Vice-Chancellor Professor Stephen J Toope stressed the growing importance of collaboration for global research universities in an age of anxiety during a whirlwind visit to China over the past weekend.

Global universities must be places where we are allowed to let our thoughts roam across the cosmos, to collaborate with one another, and to share our findings and our ideas

Vice-Chancellor Professor Stephen J Toope

The Vice-Chancellor joined a panel at the influential China Development Forum alongside leaders of global industry and Chinese academia, delivered a speech at Peking University, met with Tsinghua University and talked to Chinese media.
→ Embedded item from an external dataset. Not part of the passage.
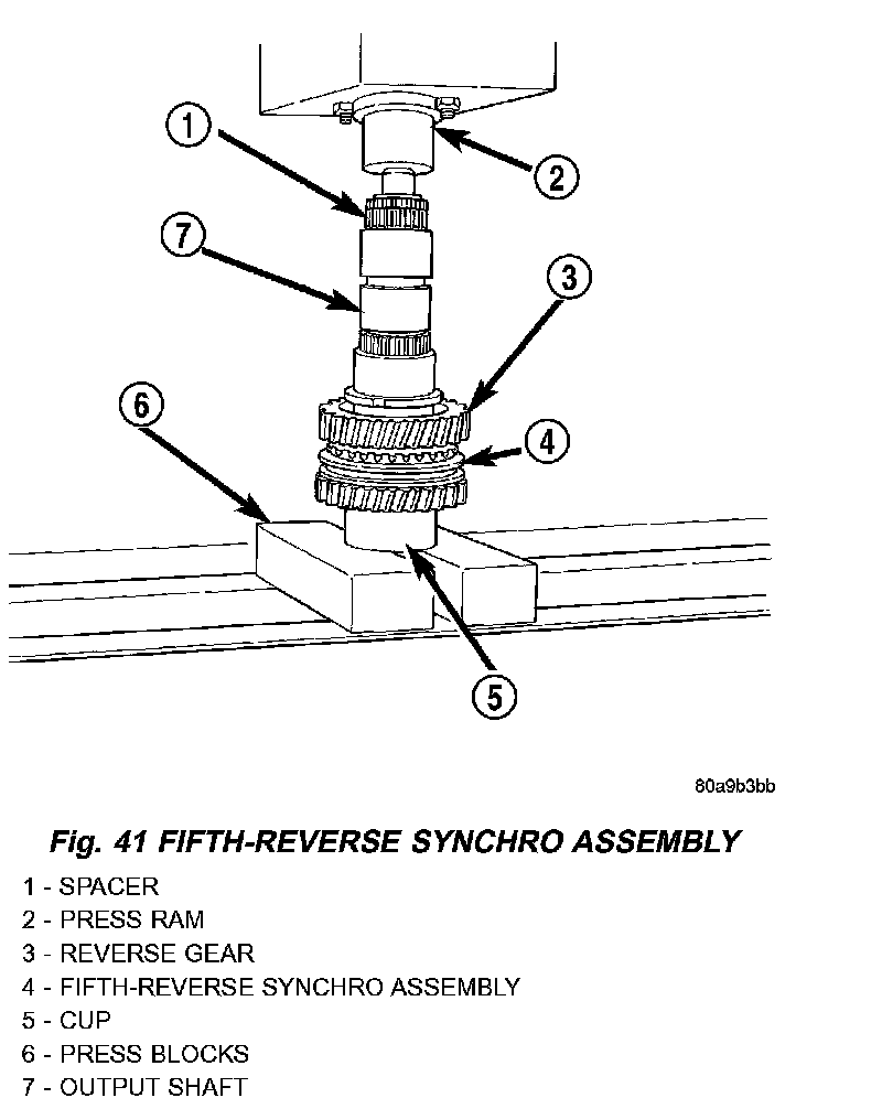 NOTE: The synchro hub is a press fit design. There may be instances where the press is not necessary. As long as there is a snug fit between the hub and the shaft, the hub does not need to be replaced.

Professor Toope reminded a packed audience at Peking University of the University of Cambridge's long established ties with China, while reiterating the institution's commitment to seek collaboration wherever it offers the promise of meeting the challenges that face humanity.

“Global universities must be places where we are allowed to let our thoughts roam across the cosmos, to collaborate with one another, and to share our findings and our ideas,” Professor Toope said.

Professor Toope spoke about the challenges that face the planet and how research universities must act internationally to address them.

“We live in what, borrowing from WH Auden, I call an ‘age of anxiety,’” he said.

He said that diminishing resources and the profoundly destructive impact humanity has had on our planet mean that energy efficiency, and a move towards carbon neutrality, is a priority for everyone.

“And none of us can do it alone,” he said. “Collaboration is not optional.”

 

 

Collaborations between Cambridge and China discussed during the trip included the development of “smart cities” in Nanjing, and projects on food security, including Professor Martin Jones's work to restore an ancient grain to the 21st century market.

“Challenges on this scale, of this complexity, demand the kind of multi-disciplinary teams of researchers that only global research universities can marshall,” Professor Toope said.

He extolled the virtue of diverse perspectives to help us see a problem from multiple angles and to imagine and design solutions.

“Together we can find the paths through which we can lead each other out of this age of anxiety.”

At the China Development Forum, Professor Toope discussed the demographic challenge of developing human resources. 

Speakers included Lu Xin, Chairman of the Chinese Society of Technical and Vocational Education and Former Vice-Minister of Education, Cai Fang, Vice President, Chinese Academy of Social Sciences, founding Director of the Oxford Martin School at Oxford University, Guo Sheng, CEO of Zhaopin Ltd and Christoph Beier, Managing Director of Deutsche Gesellschaft für Internationale Zusammenarbeit (GIZ), the commercial international development partner to the German government.

Afterwards, Professor Toope spoke to assembled media about multilateralism, collaboration and inequality, with his comments on how the University of Cambridge accepts China’s Gaokao as part of its admissions process making headlines across China.